**Data extract**:
----------------------------------------

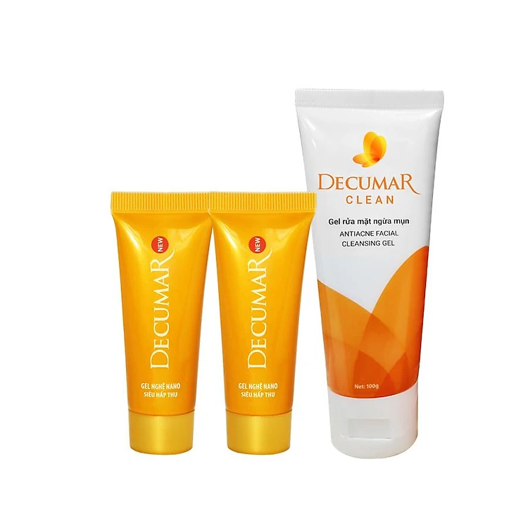 BỘ SẢN PHẨM HỖ TRỢ TRỊ MỤN DECUMAR (GỒM 2 GEL HỖ TRỢ TRỊ MỤN DECUMAR NEW VÀ 1 GEL RỬA MẶT NGỪA MỤN DECUMAR CLEAN)
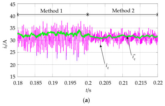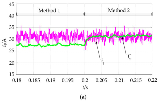 Figure 3 shows the d-axis and q-axis current waveforms of the motor corresponding to the two methods in steady state under resistance mismatch, where . As can be seen from Figure 3, the current control performance of FCS-MPCC is little affected by resistance mismatch because the term related to resistance is much small compared to other terms in Equation (5).
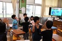 1年生が交通安全教室を行いました。交通安全指導員さんから、交通事故に遭わないために、目、耳を使って、頭で考えて歩くことを教えてもらいました。

----------------------------------------

**Your goal**:
Everything from the line with "Figure 3 shows" through the last line of the listing should be retyped exactly, with both end lines kept and the pictures left out.

**Task result**:
 Figure 3 shows the d-axis and q-axis current waveforms of the motor corresponding to the two methods in steady state under resistance mismatch, where . As can be seen from Figure 3, the current control performance of FCS-MPCC is little affected by resistance mismatch because the term related to resistance is much small compared to other terms in Equation (5).
 1年生が交通安全教室を行いました。交通安全指導員さんから、交通事故に遭わないために、目、耳を使って、頭で考えて歩くことを教えてもらいました。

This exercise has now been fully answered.